The answer is A LOT OF FUN!

It’s a pretty recurring theme here on the The Art of Making a Baby.

But it’s true. We’ve known that Alexis has been focusing on her physical development for a while now. It has been constant since about 9 months when she first started walking supported.

What’s interesting is that it has not changed until maybe now (16 months) when she started to work on her speech development in parallel (another post coming). But the physical aspect is and has been front and center.

I know every baby focuses on its own thing, works on one thing at a time, or two things at a time, with one always being the primary focus. It’s usually pretty obvious in babies. If you’ve been to the playground, you’ve seen a kid who’s in non-stop motion, climbing a top of everything, demanding swing rides, slides, rushed from one side to another, runs around with his mouth open, screams. Then there are talkers, builders, collectors, swing babies, slide babies….

I am sure you guessed that the active kid is Alexis.


It’s so clear to me why she always hated containers. We call her our wiggleworm. It is probably the best description that one can sum up for her.

When she’s in our arms, she’s literally wiggles her body out of them to get down on the floor. If she is sat down on a chair or couch, she instantly wiggles and gets down. If she’s in a high chair, she rocks back and forth, tries to get up, turns around, looks down. She is in a non-stop motion. ALL THE TIME.

When she is eating and is not in a high chair, she will grab a bite and instantly wiggle her way down and run somewhere. Then run back for another bite and run away. I guess it’s normal toddler behavior, but it defines her.

Unless she’s reading or listening to her Dr Seuss books. Time stops then. As long as you’re next to her.


If you’re not, though…. like if you happen to dare to try to cook, she promptly runs over to you with the book or the iPhone and demands that you read her the book or change the phone to a different Dr Seuss book. Or more often than not, simply uses her free hand ( the one not holding said book or phone) to push you AWAY from the stove.

Again, it’s normal toddler behavior, but it’s incessant. Like in our music class ( she’s been going to 18-36 months class since she was a year old, because it’s more active) there are preschoolers who are more subdued and those who jump and run all the time. That will be her when she is a bit older (just not now during the class, as she’s a bit more cautious there being the youngest along with Lexitwin and all)

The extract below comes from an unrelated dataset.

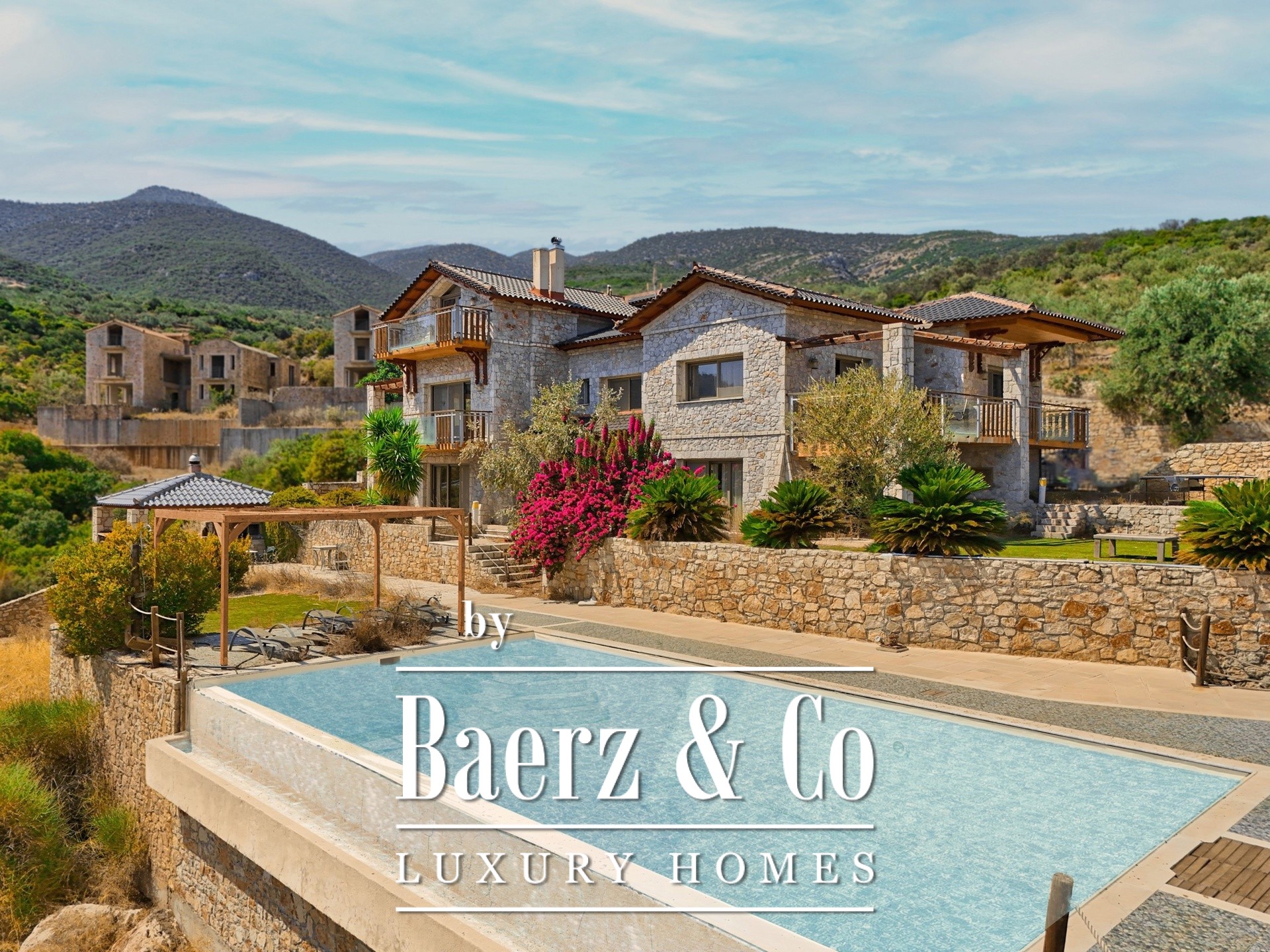 This stone villa Xiropigado sits just one kilometre from the Aegean, enfolded by ancient olive trees and spanning 380 m² on a generous private plot of 9,000 m². The villa’s architecture balances local stonework and modern comfort, its elevation granting panoramic sea views that define every space.

She loves to run, she’s beginning to tumble, she enjoys rolling around the floor while hugging mommy, or walking on daddy’s back. She can walk upstairs unassisted by holding onto the railing and totally scales the stairs when going downstairs while supported, she can climb on and off virtually everything, she can walk up and down smaller single steps without any support. The difference in physical development from 12 months to 16 months is night and day. And we still have 2 more months to work on things before she’s the official 1.5 years old.

One thing I wanted to remember to write out is that she learned to get off chairs and beds early on. I don’t remember exactly when but it was before she was walking. And here’s an interesting fact, we never had to teach her how to get off the bed properly, i.e. feet first. I always thought that it was something that had to be taught for safety reasons, but she had sort of figured it out on her own.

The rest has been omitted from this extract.